Mike Vine 31 . '18 18:37

anatolyg · Accepted Answer · 2018-01-31T18:45:31+0000

No wonder what floatmatters is out of range int. Floating point values were invented to represent very large (as well as very small) values.

INT_MAX + 1(usually equal 2147483648) cannot be represented int, but can be represented float.
Yes, static_cast<int>(float)as dangerous as undefined behavior. However, something simple, as x + yfor sufficiently large integers xand y, is also UB, so there is nothing surprising here.
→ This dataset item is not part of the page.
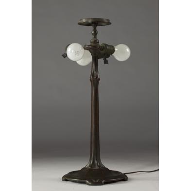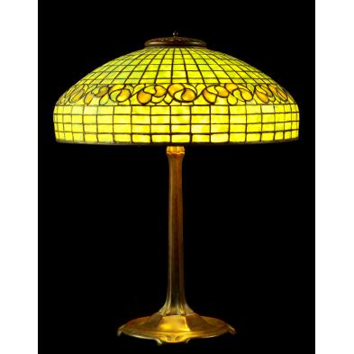 The shade composed of green leaded glass stamped "TIFFANY STUDIOS NEW YORK" (18 in. diameter) on (3) light sockets, light with verdigris patinated bronze standard stamped "TIFFANY STUDIOS NEW YORK 533." No replaced glass.

, , ++. Boost numeric_cast, ; . ( INT_MIN INT_MAX), ,

float f;
int i;
...
if (static_cast<double>(INT_MIN) <= f && f < static_cast<double>(INT_MAX))
    i = static_cast<int>(f);
else if (f < 0)
    i = INT_MIN;
else
    i = INT_MAX;

. double, int? , . , , int? , boost::numeric_cast, .

What float values ​​could not be converted to int without undefined behavior [C ++]?

More articles:

What float values could not be converted to int without undefined behavior [C ++]?